Reroll - 2026-06-10 (Snowflake, DuckDB/SQLite, Excel fixes)
- Snowflake source (#24): result sets that split into multiple partitions
(roughly n>300 wide rows) no longer fail with "response not JSON" - the
gzip-compressed partition bodies are now decoded, and result columns are
typed from the result metadata (real timestamps / dates / numbers instead
of VARCHAR). - SQLite / DuckDB sinks (#19): selecting Upsert without conflict columns now
errors clearly ("upsert needs at least one conflict column") instead of
silently falling back to DROP TABLE + CREATE. - Excel source (#25): the Schema panel is now respected - retyped and removed
columns are applied on read instead of being ignored.
Reroll - 2026-06-10 (canvas quick-add + Iterate / For Each fix)

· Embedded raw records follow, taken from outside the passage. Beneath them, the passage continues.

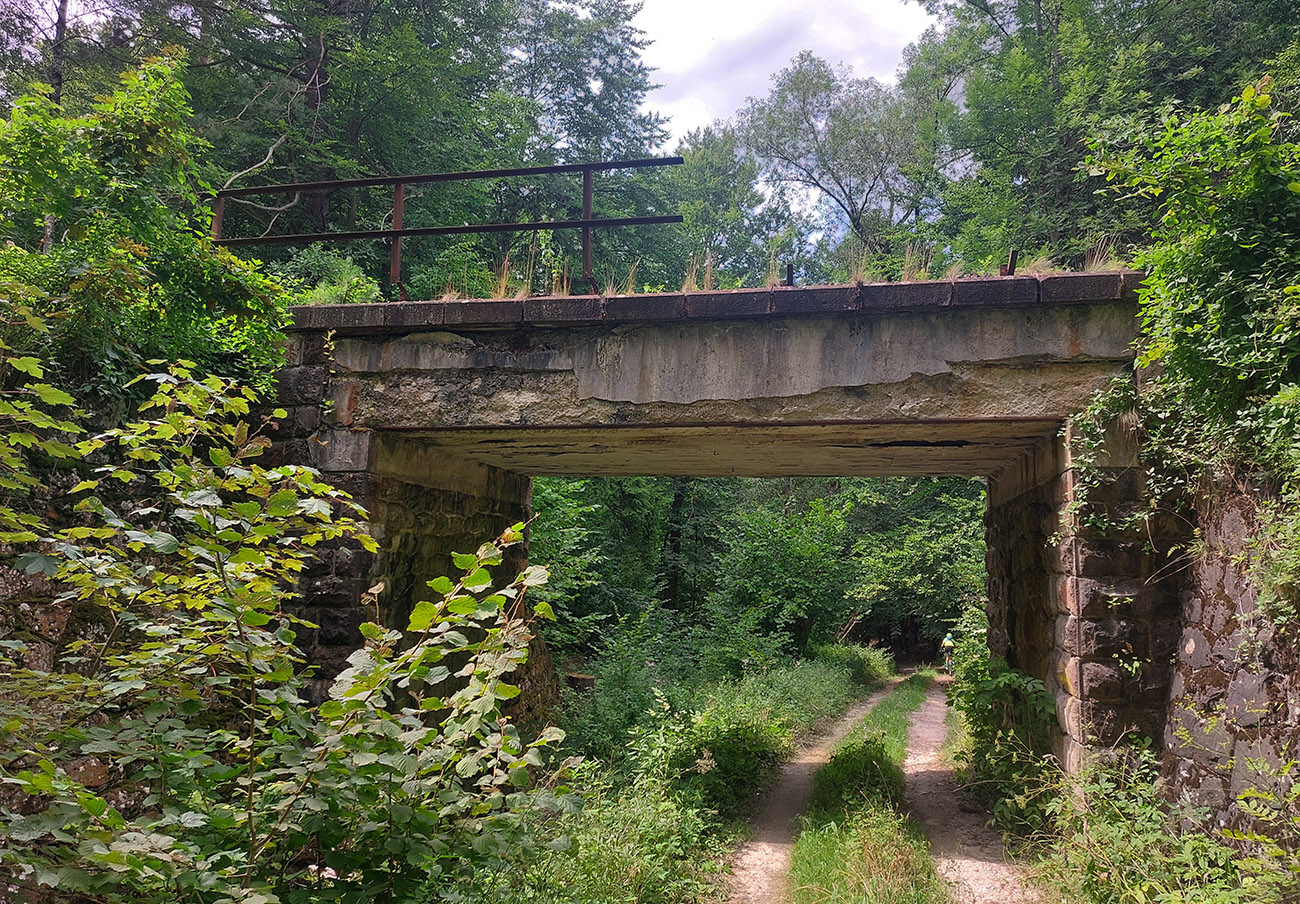 Takže úvod – dlhý, asfaltový, lebo od vlaku. S výhľadmi na masív pohoria vpredu, potom cez Rovnú horu po novom asfalte. Taký rovný, luxusný pokračoval aj von zo Skleného cez lúky za železnicou. Až v dlhom stúpaní Rovnou dolinou sa zmenil na nepríjemne rozvoľnený a hrubý makadam, striedaný hrboľatou šutrocestou. Aj dole sa tade ide zle. Potom pauza na predýchanie pri trhacej jame nad Kunešovom a išlo sa ďalej.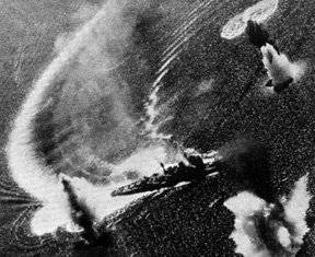 The destruction of the first two planes was spectacular enough but the end of the third, which followed about a minute later, might have been designed in Hollywood. This time the Japanese, another dive bomber, came in toward us on our starboard beam. Both ships on that side of us began firing simultaneously in two long needles of tracer bullets. For a moment the plane seemed to be held up by a delicate pair of tongs. Then suddenly, without warning of smoke or flame, it exploded in a bright flash and fell in three pieces. |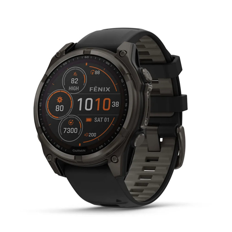 Smartwatch Garmin Solar Titanio, Carbon Gray DLC con cinturino in silicone Black/pebble grey, della collezione Outdoor linea fēnix® 8.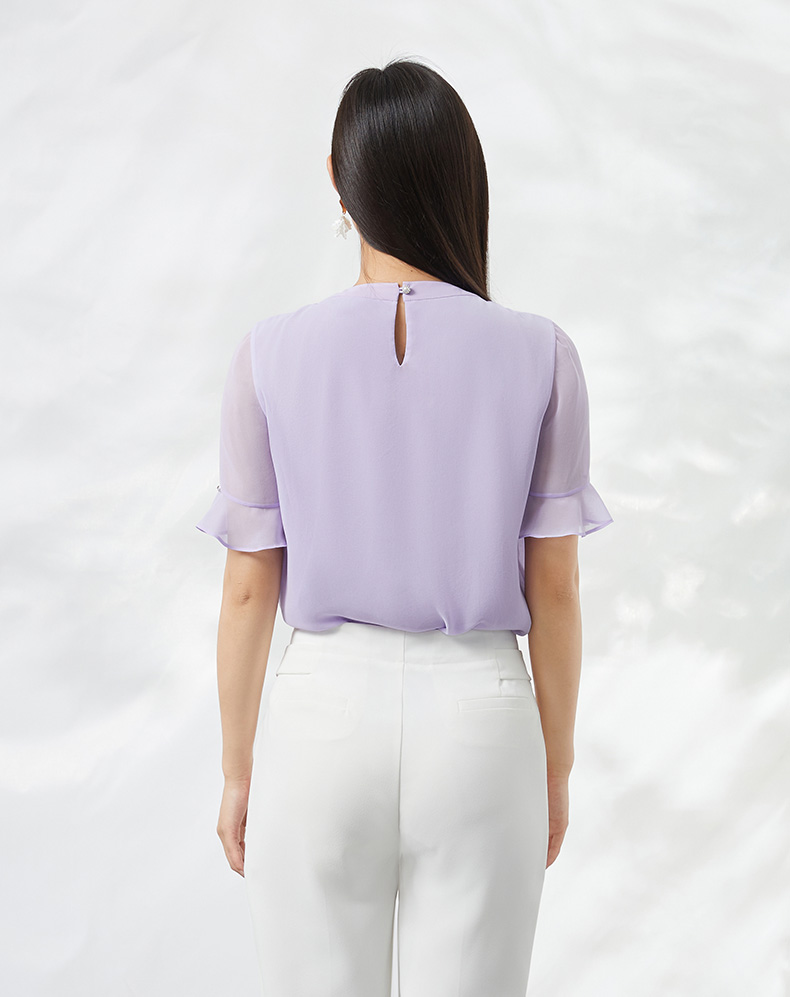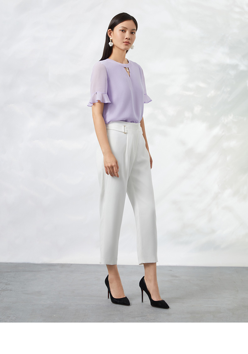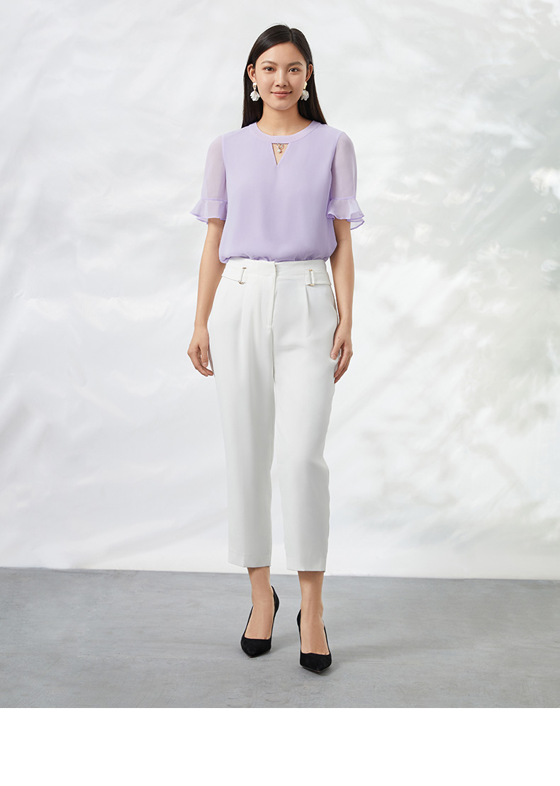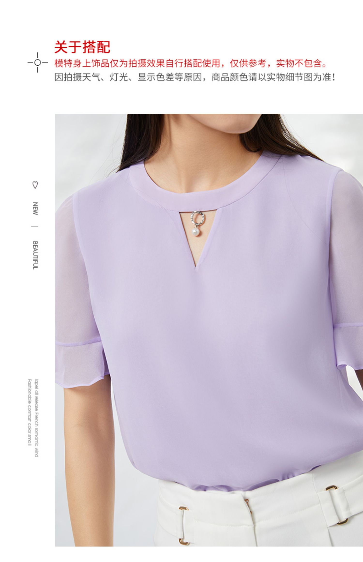 EITIE爱特爱夏新款时尚通勤气质百搭温柔紫色直筒衫上衣B2213924

- Quick-add on the canvas: start typing on the designer to fuzzy-search every
component (sources, transforms, sinks, connectors, control, quality, code)
and drop the match where your cursor is - Enter to add, Esc to close. - Iterate / For Each (#26): these run a child pipeline, but the panel never let
you pick one, so a run failed with "pipelineRef required". You can now select
the pipeline to run (plus an iteration count for Iterate).